I chose to immediately write on this topic. An old patient of mine walks in and complains of a back pain. he suffers from IBD (inflammatory bowel disease).
First IBD. in this condition, Diarrhea is a common presentation . Prolonged diarrhea without bleeding but with other features suggestive of inflammatory bowel disease (IBD). Two major forms of this disease are ulcerative colitis (UC) and Crohn disease (CD). Ulcerative colitis is a chronic inflammatory condition characterized by relapsing and remitting episodes of inflammation limited to the mucosal layer of the colon while Crohn disease is characterized by transmural inflammation and by skip lesions.

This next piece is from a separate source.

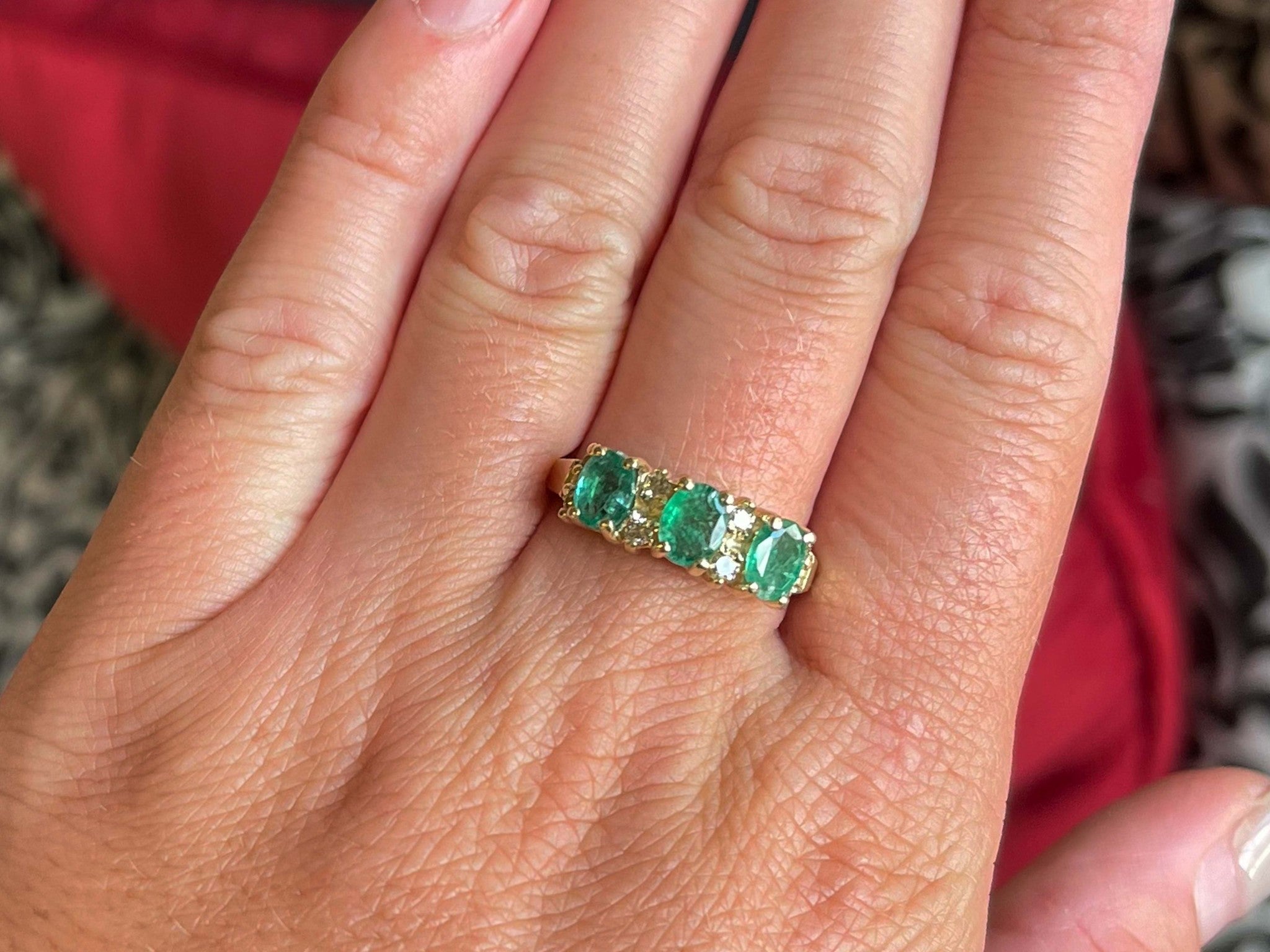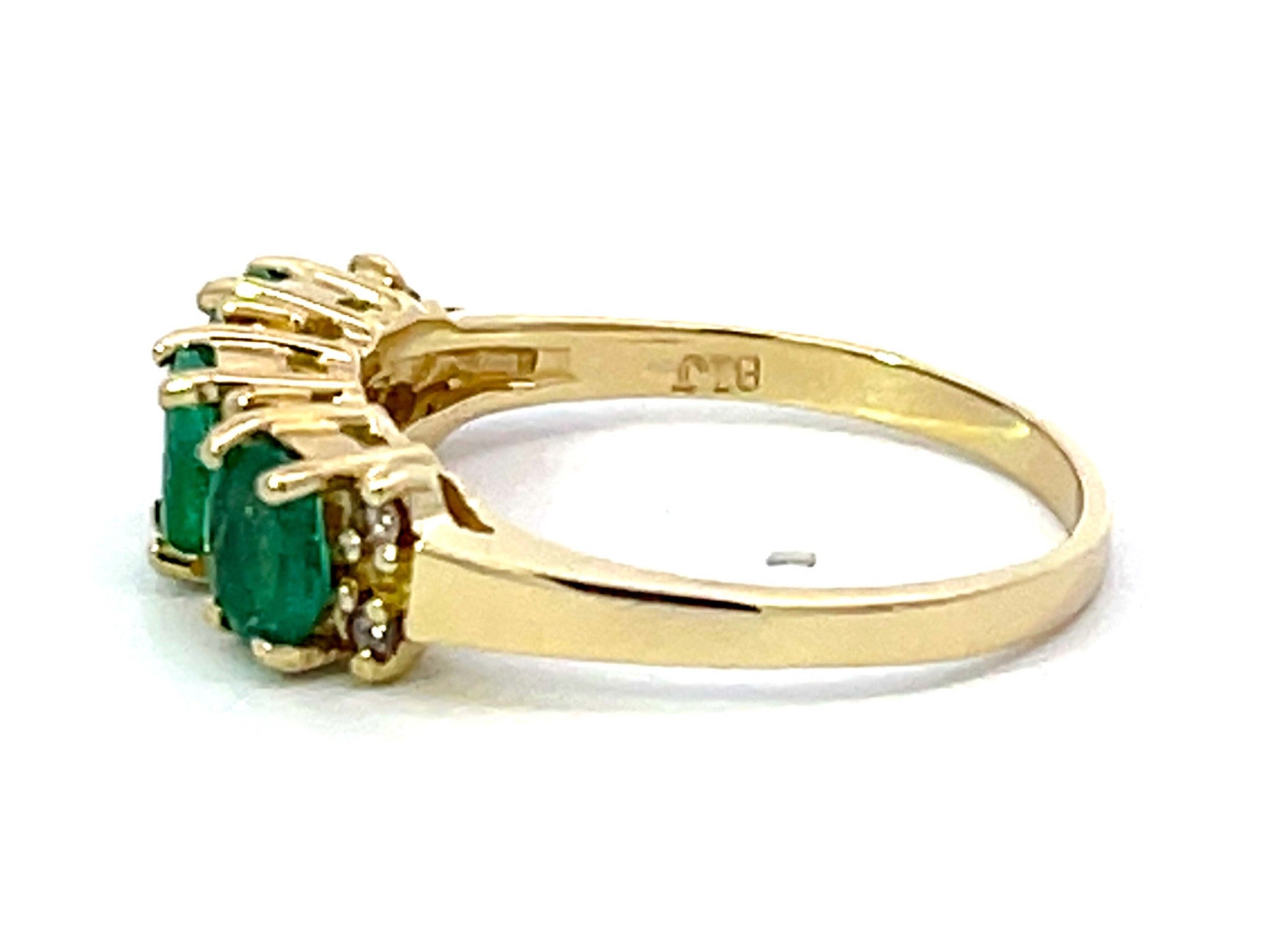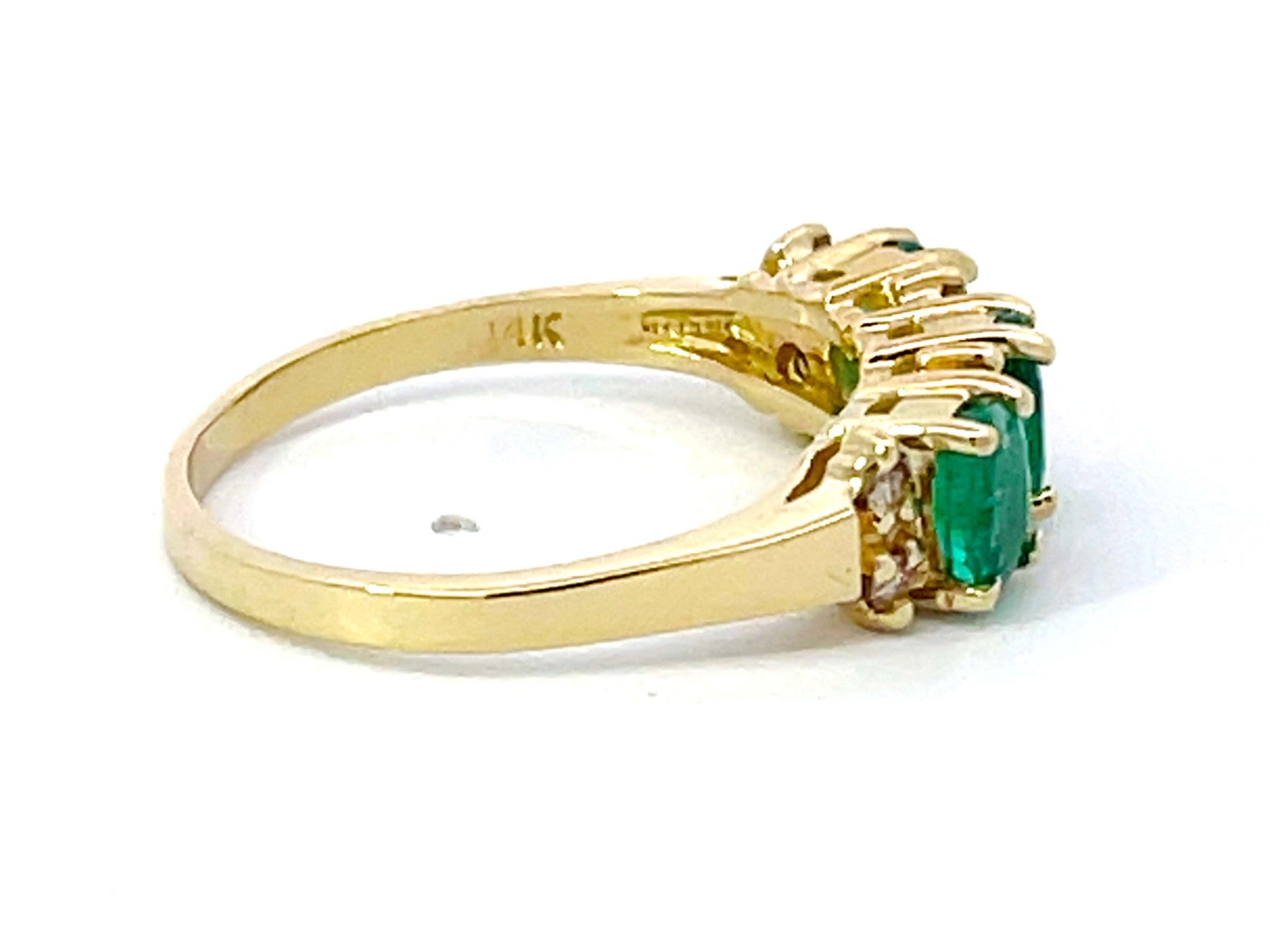 Item Specifications:Metal: 14k Yellow GoldRing Size: 10 (resizing available for a fee)Total Weight: 4.7 GramsDiamond Count: 8 diamondsDiamond Carat Weight: ~0.08Diamond Color: L-MDiamond Clarity: SI1Gemstone Specifications:Gemstones: 3 oval green emeraldsTotal Emerald Carat Weight: ~1.00 caratsCondition: Preowned, ExcellentStamped: "14K"

Some risk factors could be:
- Age and gender
- Racial and ethnicity
- Genetic susceptibility
- Physical activity
spondyloarthritis (SpA, formerly spondyloarthropathy) is often referred to a group of disorders that includes ankylosing ( Causing immobility to the joins) spondylitis or called as (AS). The main forms could be undifferentiated spondyloarthritis (USpA), reactive arthritis (ReA), and the arthritis and spondylitis that may accompany psoriasis and inflammatory bowel diseases (IBD).
How is IBD linked to AS. Gastrointestinal (GI) tract, is There is a strong and well-established association of human leukocyte antigen (HLA)-B27 with ankylosing spondylitis (AS).
I can see of the Labstestsonline that, “With new genetic testing methods, it is now possible to separate HLA-B27 into subtypes. So far, more than 70 different subtypes have been identified, such as HLA B27*05 and HLA B27*02. How the presence of these specific subtypes affects the likelihood of developing an autoimmune disease is not yet known.”
Approximately 90 percent of the risk of developing AS is heritable. At least 30 gene loci have been discovered. The largest contribution is the human leukocyte antigen (HLA)-B27 molecule.